Communications Blackout in Ethiopia’s Tigray State As Fighting Breaks Out

Mobile networks, fixed-line internet and landline telephony in Ethiopia’s Tigray region have been cut off, as heavy fighting between the Ethiopian National Defense Forces and the Tigray People’s Liberation Front in the region is reported. Fighting was reported shortly after Ethiopia’s Prime Minister Abiy Ahmed ordered a military intervention in the state.

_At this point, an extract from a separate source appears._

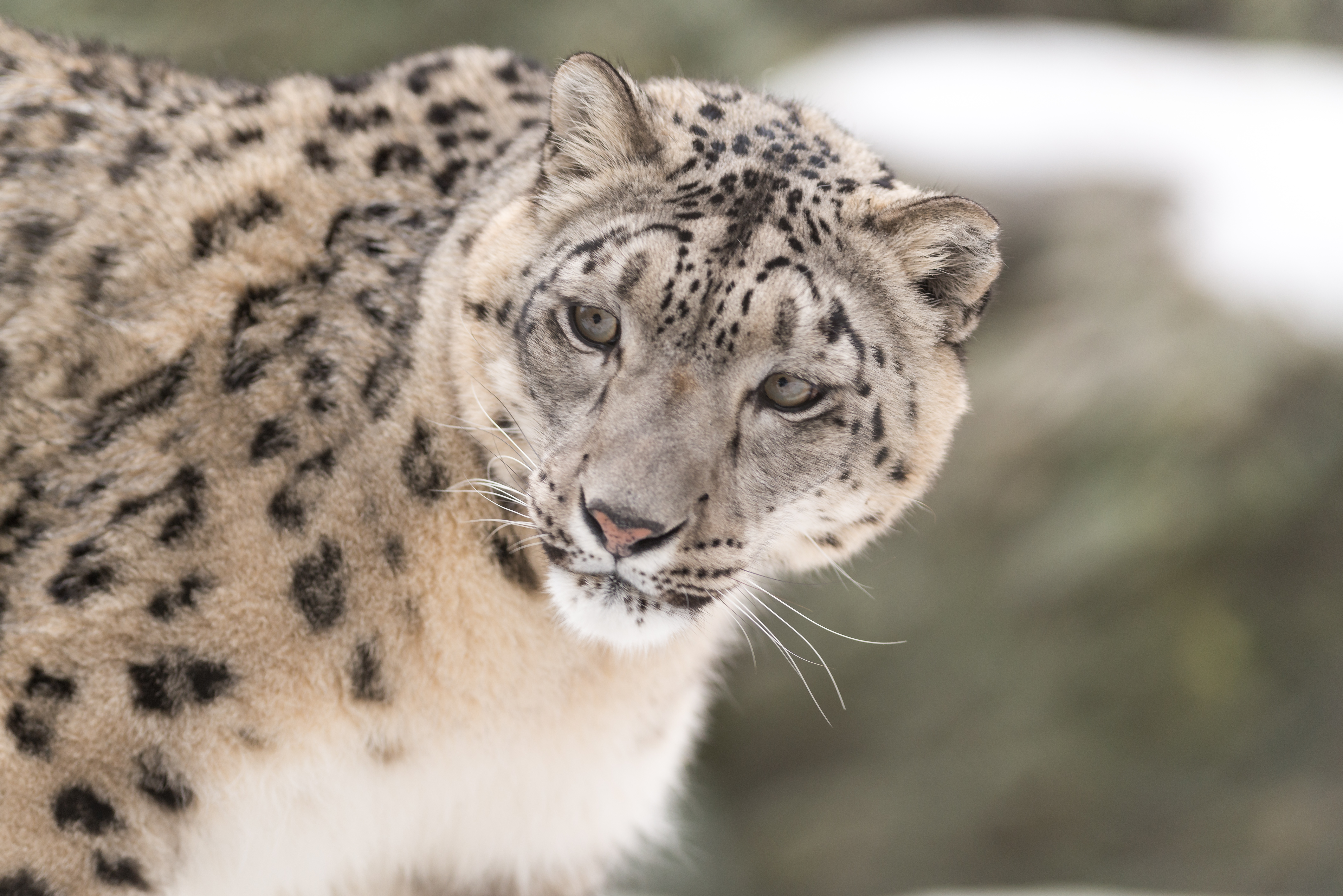 Snow Leopard Looking Back

The communications blackout was reported on by NetBlocks, an NGO monitoring internet blackouts. According to NetBlocks, the blackout began at 1AM local time. Jakenn Publishing, the publisher of the Addis Standard news magazine has issued a statement urging for the lifting of the blackout, asking the Ethiopian government to “let the truth be upheld“.

The order for a military intervention came shortly after Abiy declared today a six-month state of emergency in Tigray. The declaration follows a government claim that an Ethiopian National Defense Forces base in the region had been attacked by the TPLF earlier today.

A copy of the press statement by the Ethiopian Prime Minister’s Office on the attack, as uploaded to their Facebook page

In a televised address, Abiy stated that there had been “several martyrs” in the attack that took place in the early hours of Wednesday, accusing the TPLF of attempting to steal artillery pieces and other military equipment from the base. He said: “The final point of the red line has been crossed. Force is being used as the last measure to save the people and the country”.

Analysts and diplomats had previously warned of armed conflict as a highly likely outcome of escalating tensions between the TPLF and the Ethiopian federal government. Tensions between both rose after Tigray regional leaders conducted regional elections in September that were deemed illegal by the federal government, owing to electoral officials ruling in March to suspend all elections until the COVID-19 situation in the country eased. Both the TPLF-dominated regional government and Addis Ababa now view each other as illegitimate, with federal lawmakers voting in October to cut off contact with Tigray leaders as well as federal funding.

Much of the Ethiopian National Defense Forces’ equipment and personnel is based in Tigray, a legacy of the bitter 1998-2000 Eritrean–Ethiopian War, Africa’s deadliest border war to date. The Tigray regional government has already claimed that the Northern Command of the National Defense Forces had defected to the TPLF’s side, although the claim was denied by prime minister’s spokesman Billene Seyoum. Regardless of the veracity of the defections, the amount of military hardware in the region raises concerns of a protracted civil war with significant collateral damage. Additionally, the Prime Minister has called for the return of three lieutenant generals that had been previously laid off by the National Defense Forces.

Communications blackouts are routinely used by 2019 Nobel Peace Prize winner Abiy’s government during protests or security crises, with Human Rights Watch reporting eight such blackouts during 2019, including a nationwide blackout following the assassination of 5 senior governmental officials in late June. That such a heavy-handed tool is used so frequently in peacetime is cause for concern, and doubly so during military operations.